Her reflex was to protect him and his future, and early on, she turned to a longtime Clinton loyalist, Ms. Wright, to defend him against the allegations, according to multiple accounts at the time, documented in books and oral histories.
“We have to destroy her story,” Mrs. Clinton said in 1991 of
Connie Hamzy, one of the first women to come forward during her husband’s first presidential campaign, according to George Stephanopoulos, a former Clinton administration aide who described the events in
his memoir, “All Too Human.” (Three people signed sworn affidavits saying Ms. Hamzy’s story was false.)
When
Gennifer Flowers later surfaced, saying that she had had a long affair with Mr. Clinton, Mrs. Clinton undertook an “aggressive, explicit direction of the campaign to discredit” Ms.

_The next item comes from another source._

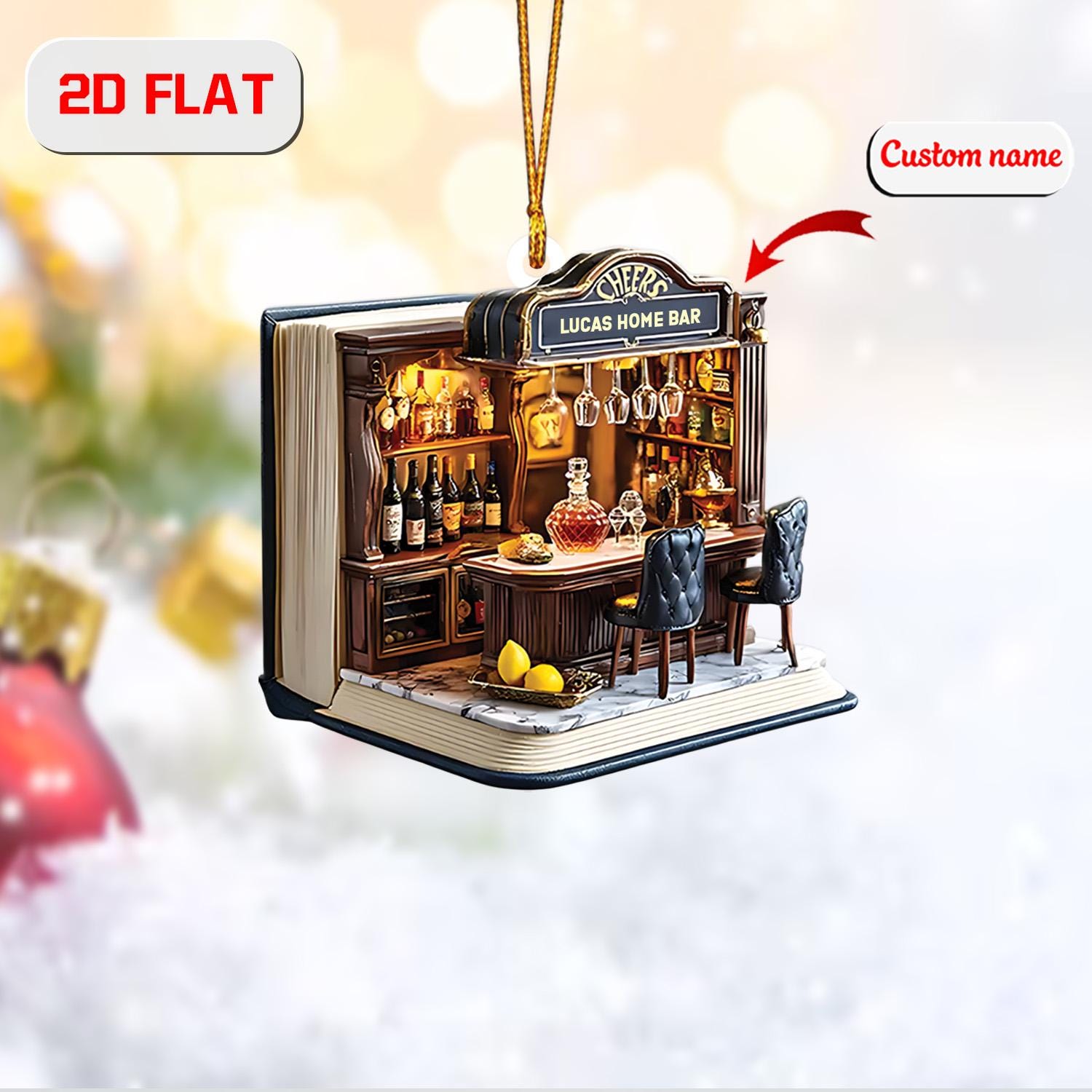 Custom Home Bar Ornament, Personalized Bartender Christmas Ornament, Bar Decoration Holiday Ornament, Unique Gift for Bar Owner,

Flowers, according to an
exhaustive biography of Mrs. Clinton, “A Woman in Charge,” by Carl Bernstein.
Mrs. Clinton referred to
Monica Lewinsky, the White House intern who had an affair with the 42nd president, as a “narcissistic loony toon,” according to one of her closest confidantes, Diane D. Blair, whose diaries were released to the University of Arkansas after her death in 2000.
Ms. Lewinsky later called the comment an example of Mrs. Clinton’s impulse to “blame the woman.”